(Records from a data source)
========

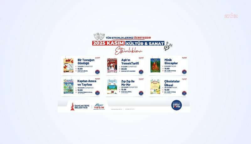 “Aşk’ın Yemek Tarifi”, 8 Kasım Cumartesi günü saat 20.00’de Emek Kültür Merkezi’nde; “Kaptan Amca ve Tayfası”, 9 Kasım Pazar günü saat 12.00’de Mevlana Kültür Merkezi’nde; “Minik Sincaplar,” 16 Kasım Pazar günü saat 12.00’de Yenidoğan Kültür Merkezi’nde; “Zıp Zıp ile Mır Mır”, 22 Kasım Cumartesi günü saat 12.00’de Yenidoğan Kültür Merkezi’nde ve “Çikolatalar Ülkesi” 23 Kasım Pazar günü saat 12.00’de Samandıra Kültür Merkezi’nde ücretsiz olarak sahnelenecek.
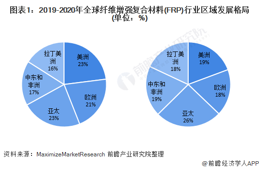 根据MaximizeMarketResearch的数据显示,美洲、欧洲和亚太地区是全球纤维增强复合材料(FRP)主要的市场规模集中地;2019年,美洲、欧洲、亚太分别占据全球市场规模的23%、21%和23%;而在2020年,由于新冠肺炎疫情的影响,美洲和欧洲的疫情反复导致纤维增强复合材料(FRP)行业发展受阻,占比分别下跌至19%和18%;而在亚太地区,由于中国防疫有效,使得纤维增强复合材料(FRP)行业较其他地区恢复较快,因此造成了亚太地区2020年市场规模占比达到了26%。
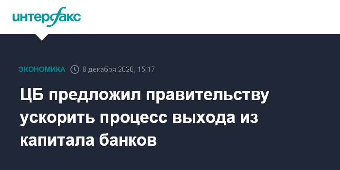 ЦБ предложил правительству ускорить процесс выхода из капитала банков
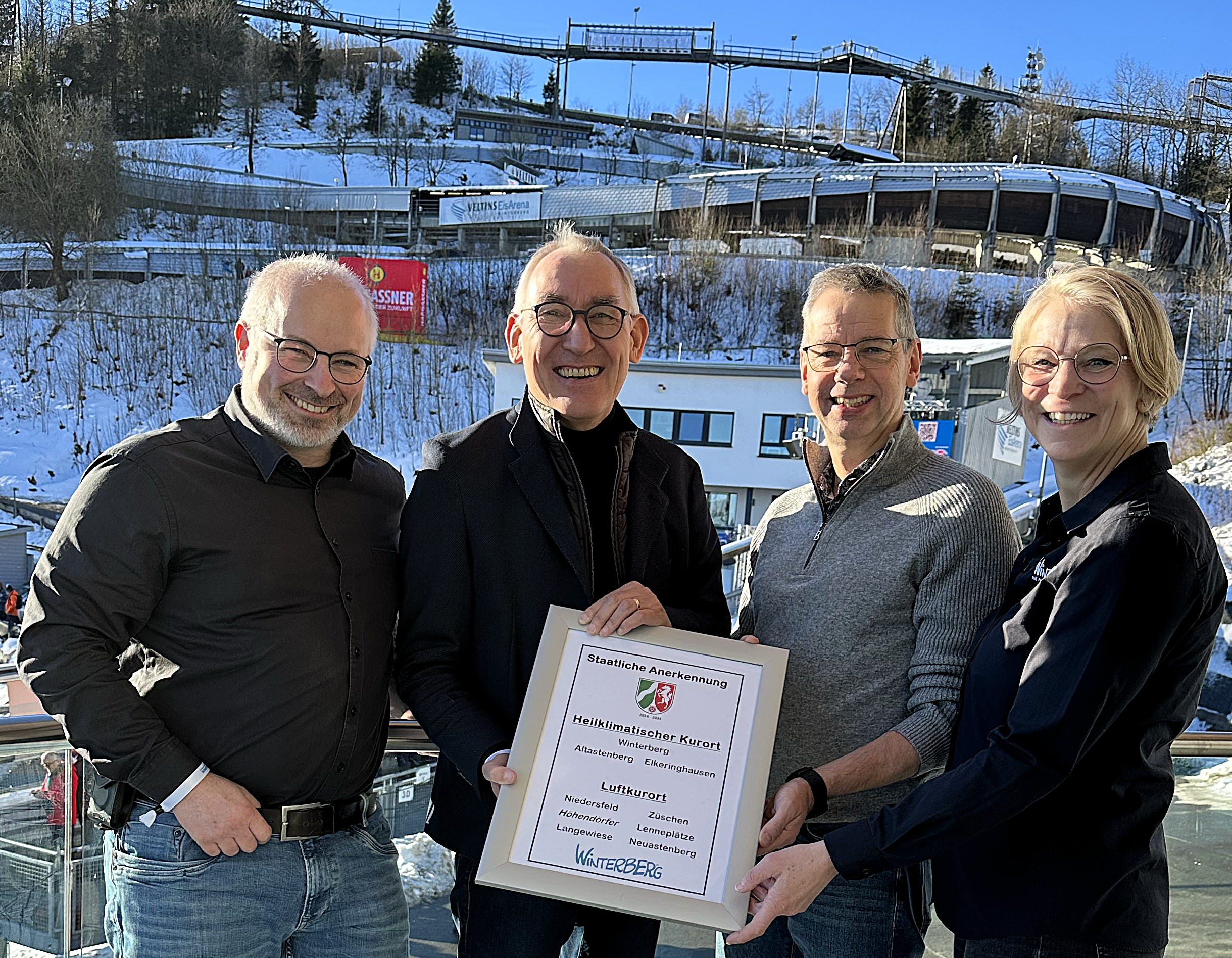 Dieser Auszeichnung gingen umfangreiche Luftmessungen und Überprüfungen der Infrastruktur durch Prof. Dr. Dr. Dipl.-Phys. Jürgen Kleinschmidt im Auftrag der Stadt Winterberg voraus. Im Rahmen der Rodel-Europameisterschaft überreichte Regierungspräsident Heinrich Böckelühr die Zertifikate an Bürgermeister Michael Beckmann, WTW-Geschäftsführer Winfried Borgmann sowie Tourismusförderin Michaela Grötecke. „Ich freue mich sehr, die gute Nachricht heute überbringen zu können. Die konstanten Bemühungen für Bürgerinnen und Bürger sowie Gäste zahlen sich aus. Meinen Glückwunsch zu der verdienten Erneuerung der Auszeichnungen“, sagt Heinrich Böckelühr bei der Übergabe der Zertifikate.
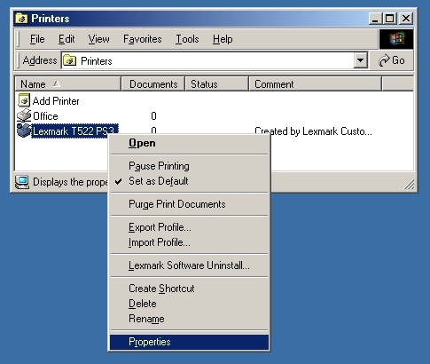 right click on the "Lexmark T522 PS3" and choose properties.
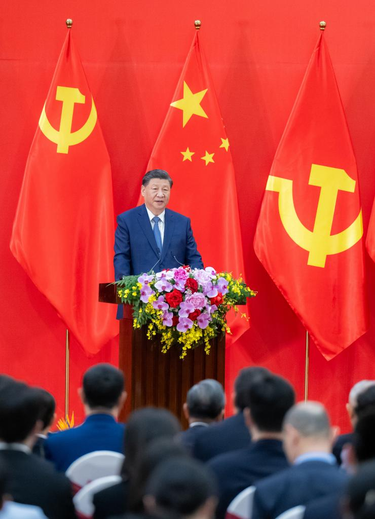 On behalf of the CPC and the Chinese government, Xi extended his warm regards to the old and new friends who are committed to China-Vietnam friendship. He pointed out that on Tuesday he and Trong jointly announced their decision to build a China-Vietnam community with a shared future that carries strategic significance, thus ushering in a new stage in the relations between the two parties and countries.
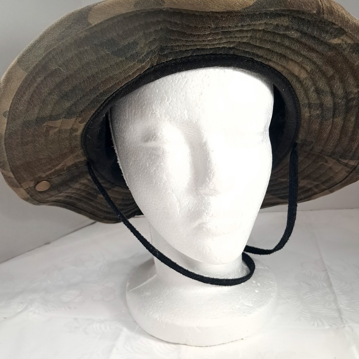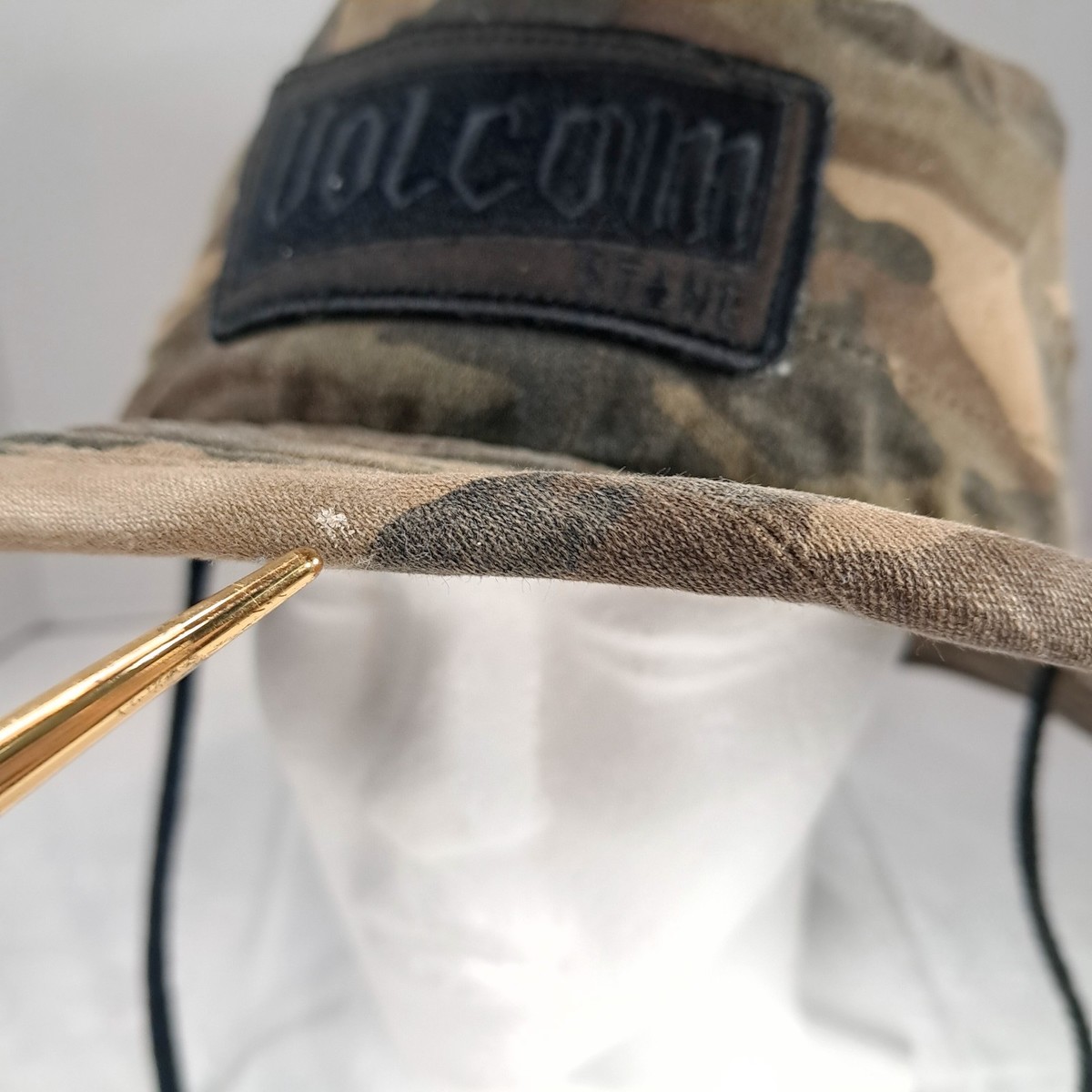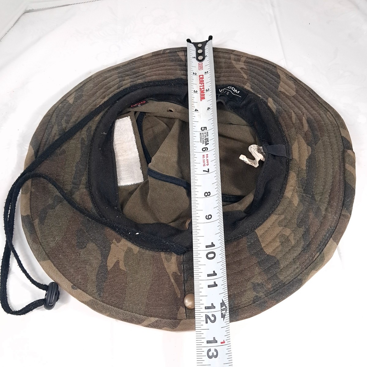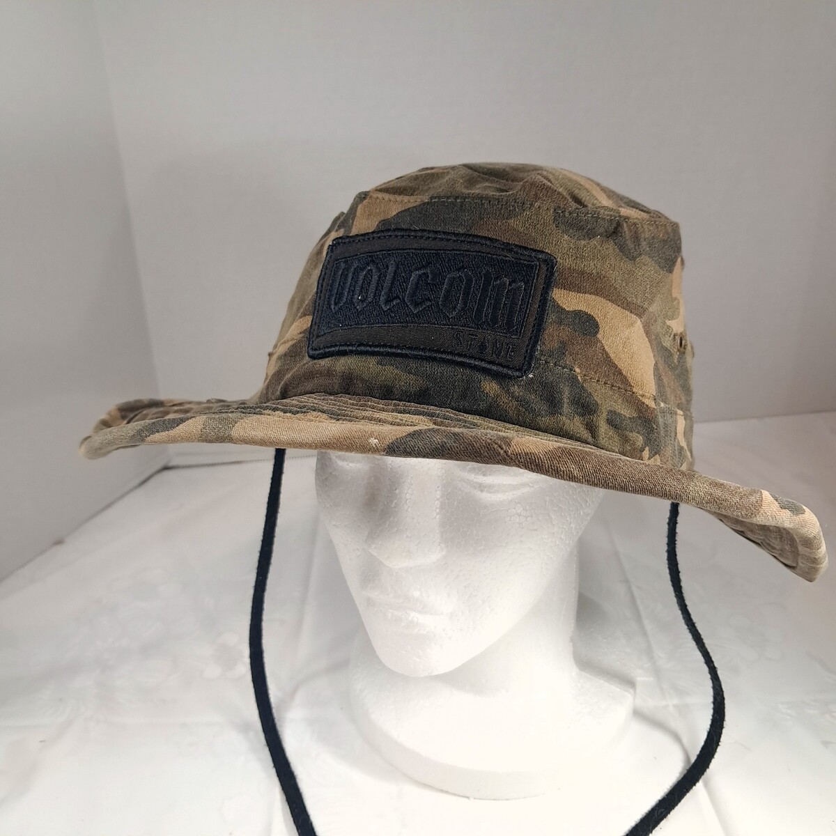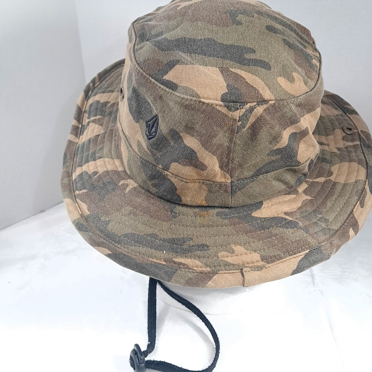 Volcom Stone Bucket Boonie Hat Camo Camouflage fishing Camp Hike Boat sun O/s Camo hat with chin strap. Some wear/small marks as shown. See pics.
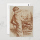 Esta postal presenta un hermoso dibujo de 1892 de Otto Greiner, titulado "El litografo". El dibujo representa a un joven guapo, tonificado y sin camisa posando para un caballero mayor y guapo.
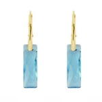 Silver 925 gold plated earrings with Swarovski Queen Baguette 25mm Aquamarine crystals
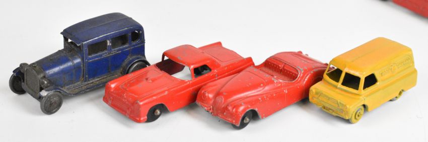 Twenty vintage diecast model cars by Tootsie Toys, Toby Toy and Charbens to include Ford Thunderbird, Torpedo Sedan, Jaguar XK Cabriolet and Fire Truck.

========

■ **Task to carry out**
Should a record include a picture, omit it from your copy and return the rest unchanged.

■ **Response**
 “Aşk’ın Yemek Tarifi”, 8 Kasım Cumartesi günü saat 20.00’de Emek Kültür Merkezi’nde; “Kaptan Amca ve Tayfası”, 9 Kasım Pazar günü saat 12.00’de Mevlana Kültür Merkezi’nde; “Minik Sincaplar,” 16 Kasım Pazar günü saat 12.00’de Yenidoğan Kültür Merkezi’nde; “Zıp Zıp ile Mır Mır”, 22 Kasım Cumartesi günü saat 12.00’de Yenidoğan Kültür Merkezi’nde ve “Çikolatalar Ülkesi” 23 Kasım Pazar günü saat 12.00’de Samandıra Kültür Merkezi’nde ücretsiz olarak sahnelenecek.
 根据MaximizeMarketResearch的数据显示,美洲、欧洲和亚太地区是全球纤维增强复合材料(FRP)主要的市场规模集中地;2019年,美洲、欧洲、亚太分别占据全球市场规模的23%、21%和23%;而在2020年,由于新冠肺炎疫情的影响,美洲和欧洲的疫情反复导致纤维增强复合材料(FRP)行业发展受阻,占比分别下跌至19%和18%;而在亚太地区,由于中国防疫有效,使得纤维增强复合材料(FRP)行业较其他地区恢复较快,因此造成了亚太地区2020年市场规模占比达到了26%。
 ЦБ предложил правительству ускорить процесс выхода из капитала банков
 Dieser Auszeichnung gingen umfangreiche Luftmessungen und Überprüfungen der Infrastruktur durch Prof. Dr. Dr. Dipl.-Phys. Jürgen Kleinschmidt im Auftrag der Stadt Winterberg voraus. Im Rahmen der Rodel-Europameisterschaft überreichte Regierungspräsident Heinrich Böckelühr die Zertifikate an Bürgermeister Michael Beckmann, WTW-Geschäftsführer Winfried Borgmann sowie Tourismusförderin Michaela Grötecke. „Ich freue mich sehr, die gute Nachricht heute überbringen zu können. Die konstanten Bemühungen für Bürgerinnen und Bürger sowie Gäste zahlen sich aus. Meinen Glückwunsch zu der verdienten Erneuerung der Auszeichnungen“, sagt Heinrich Böckelühr bei der Übergabe der Zertifikate.
 right click on the "Lexmark T522 PS3" and choose properties.
 On behalf of the CPC and the Chinese government, Xi extended his warm regards to the old and new friends who are committed to China-Vietnam friendship. He pointed out that on Tuesday he and Trong jointly announced their decision to build a China-Vietnam community with a shared future that carries strategic significance, thus ushering in a new stage in the relations between the two parties and countries.
 Volcom Stone Bucket Boonie Hat Camo Camouflage fishing Camp Hike Boat sun O/s Camo hat with chin strap. Some wear/small marks as shown. See pics.
 Esta postal presenta un hermoso dibujo de 1892 de Otto Greiner, titulado "El litografo". El dibujo representa a un joven guapo, tonificado y sin camisa posando para un caballero mayor y guapo.
 Silver 925 gold plated earrings with Swarovski Queen Baguette 25mm Aquamarine crystals
 Twenty vintage diecast model cars by Tootsie Toys, Toby Toy and Charbens to include Ford Thunderbird, Torpedo Sedan, Jaguar XK Cabriolet and Fire Truck.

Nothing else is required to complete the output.